In a neuron, voltage-gated Na$^+$ channels open rapidly when the membrane is depolarized to threshold, producing the rising phase of the action potential. An experimental mutation slows Na$^+$ channel inactivation but does not alter activation threshold. When a brief depolarizing current is injected, the neuron produces an action potential with a prolonged depolarized phase.
Which mechanism best explains the prolonged depolarization?
Delayed Na$^+$ channel inactivation sustains inward Na$^+$ current, opposing repolarization
Delayed Na$^+$ channel inactivation increases Cl$^-$ influx, prolonging depolarization
Delayed Na$^+$ channel inactivation reduces Na$^+$ influx, accelerating repolarization
Delayed Na$^+$ channel inactivation triggers neurotransmitter release into blood, prolonging depolarization via hormones
Explanation
This question tests understanding of action potential duration control in the nervous system. Sodium channel inactivation terminates inward current, allowing repolarization via potassium efflux. Slowing inactivation sustains sodium influx, prolonging the depolarized phase. The correct answer aligns because persistent current opposes repolarization, extending the plateau.
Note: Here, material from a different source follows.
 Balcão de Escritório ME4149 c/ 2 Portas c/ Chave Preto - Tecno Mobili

A common distractor like option B fails by misunderstanding that delayed inactivation prolongs, not reduces, depolarization. For similar questions, examine channel kinetics in AP phases. Verify that inactivation defects lead to extended APs in channelopathies.
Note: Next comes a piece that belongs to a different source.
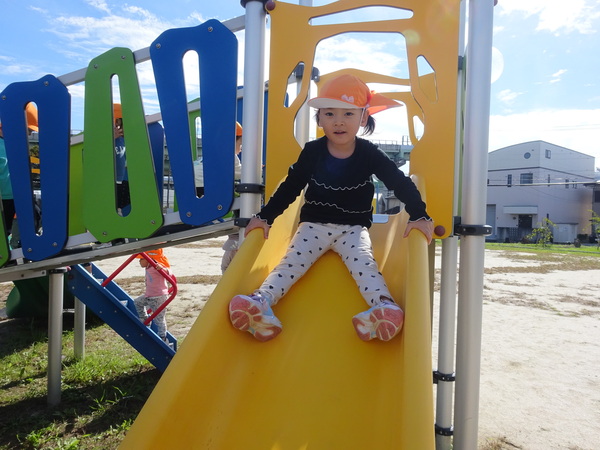 - お山の滑り台、石を持って一人で登れたよ。ドキドキしたけど何回も滑って楽しかった♪

In a patch-clamp experiment on a neuron, an investigator injects a constant depolarizing current step. Under control conditions, the neuron fires an action potential. After applying a drug that selectively prolongs the open time of voltage-gated K$^+$ channels during the falling phase of the action potential, the neuron still fires but the action potential is narrower and the after-hyperpolarization is larger.
Which mechanism best explains these changes in action potential shape?
Prolonged K$^+$ channel opening increases neurotransmitter release from the soma, narrowing the spike via hormonal feedback
Prolonged K$^+$ channel opening raises intracellular K$^+$ enough to reverse the K$^+$ gradient, decreasing after-hyperpolarization
Enhanced K$^+$ efflux accelerates repolarization and deepens after-hyperpolarization by driving $V_m$ toward $E_K$
Enhanced K$^+$ efflux slows repolarization by preventing Na$^+$ channel inactivation, widening the spike
Explanation
This question tests understanding of action potential repolarization in the nervous system. Voltage-gated potassium channels facilitate repolarization by allowing potassium efflux, restoring membrane potential to rest. Prolonging their open time enhances efflux, speeding repolarization and deepening after-hyperpolarization. The correct answer aligns because increased potassium conductance narrows the spike and amplifies hyperpolarization toward EK. A common distractor like option B fails by misunderstanding that enhanced potassium efflux accelerates, not slows, repolarization. For similar questions, analyze ion currents during AP phases. Verify that potassium modulation affects falling phase duration and refractory properties.